Oito de Março – o Dia Internacional da Mulher.

Supostamente, um dia importante para nós mulheres, por ser o nosso dia.

Por isso mesmo, há que celebrá-lo? Evocá-lo? Há que relembrar o mundo que somos incansáveis na conquista de direitos e que estamos aqui, com os olhos bem abertos para discutir as discriminações e violências morais, físicas e sexuais, ainda sofridas por muitas de nós?

Há que impedir que retrocessos ameacem o que já foi alcançado em diversos países?

Quer-me parecer que sim! Há que… tudo isso e mais alguma coisa, o que não faz de nós umas activistas tresloucadas que erguem em riste a sua arma de arremesso: o feminismo cego.

Qual é o problema de nós mulheres, lutarmos pela Igualdade de Género? Hã?

Felizmente, na cultura civilizacional Ocidental não existe a opressão veiculada pelo poder fundamentalista do Estado Islâmico, e só por isso minhas caras, acreditem (!), somos umas sortudas. Ah, se somos!

Somos umas sortudas por não termos uns mostrengos alucinados a controlar-nos e a apertar-nos o cerco ao ar que respiramos; e ao sorriso; e aos passos; e à vontade; e ao prazer; e aos orgasmos; e à paixão, e ao amor, e ao sucesso!…

Uns grandessíssimos “filhosdaputa” é o que eles são (!); todos esses obstinados que acreditam que após a morte, têm à espera um reino com sete paraísos, mil e uma virgens de perna aberta e riquezas mil. Fuck them all! Assassinos!

E só de os lembrar, esses vermes misantrópicos fiquei com uma azia desgraçada.

Vejam só! Os parasitas inventaram agora uma nova tortura para as mulheres: um “mordedor”: uma tal dentadura metálica que arranca pedaços de carne à mulher que ouse mostrar uma pequena parte do corpo, ou que circule nas ruas sem ser acompanhada por um homem.

Dou comigo a pensar se o melhor uso do dito não seria aplicá-lo no falo hirto de todos esses hediondos? Seria remédio santo? Quiçá não mudaria o paradigma se os castrássemos a todos?

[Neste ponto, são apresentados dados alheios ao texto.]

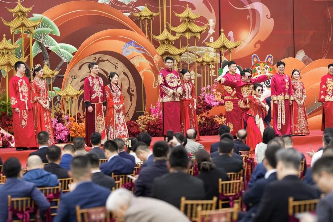 创始人许景新先生为新人们证婚,对全体新人喜结良缘表示祝贺,希望全体新人们以孝心和耐心对待父母、以爱和包容对待子女、以尊重和理解对待爱人,一言一行都要对婚姻负责、对家庭负责。互敬互谅,方能家庭和睦、事业长青。并为他们送上了代表金玉良缘的纯金龙凤牌,寓意他们婚后生活举案齐眉、情比金坚。

Mas minhas caras, felizmente, não estamos lá – no Estado Islâmico, ou dos loucos, que a bem dizer, é a mesma coisa! – Estamos cá, no Ocidente; e felizmente, com ganas para filtrar a escumalha da sociedade que ousa estigmatizar-nos, ridicularizar-nos, explorar-nos, violentar-nos… tornar-nos vítimas de nós próprias, independentemente do nosso QI (Quociente de Inteligência) e robustez física.

Sabem que mais? Temperando o assunto com uns pozinhos de perlimpimpim, mui sinceramente acho que eles, os homens, seriam um enormíssimo ZERO sem nós; por isso, desiludam-se aqueles que têm visão limitada, unilateral, opinando que “ao lado de um grande homem, há sempre uma grande mulher”, porque o contrário, pode muito bem acontecer.

Como tal, alvíssaras a NÓS mulheres, no nosso dia… e em todos os outros dias, porque a realidade é que somos, e seremos sempre especiais, seja em que domínio for.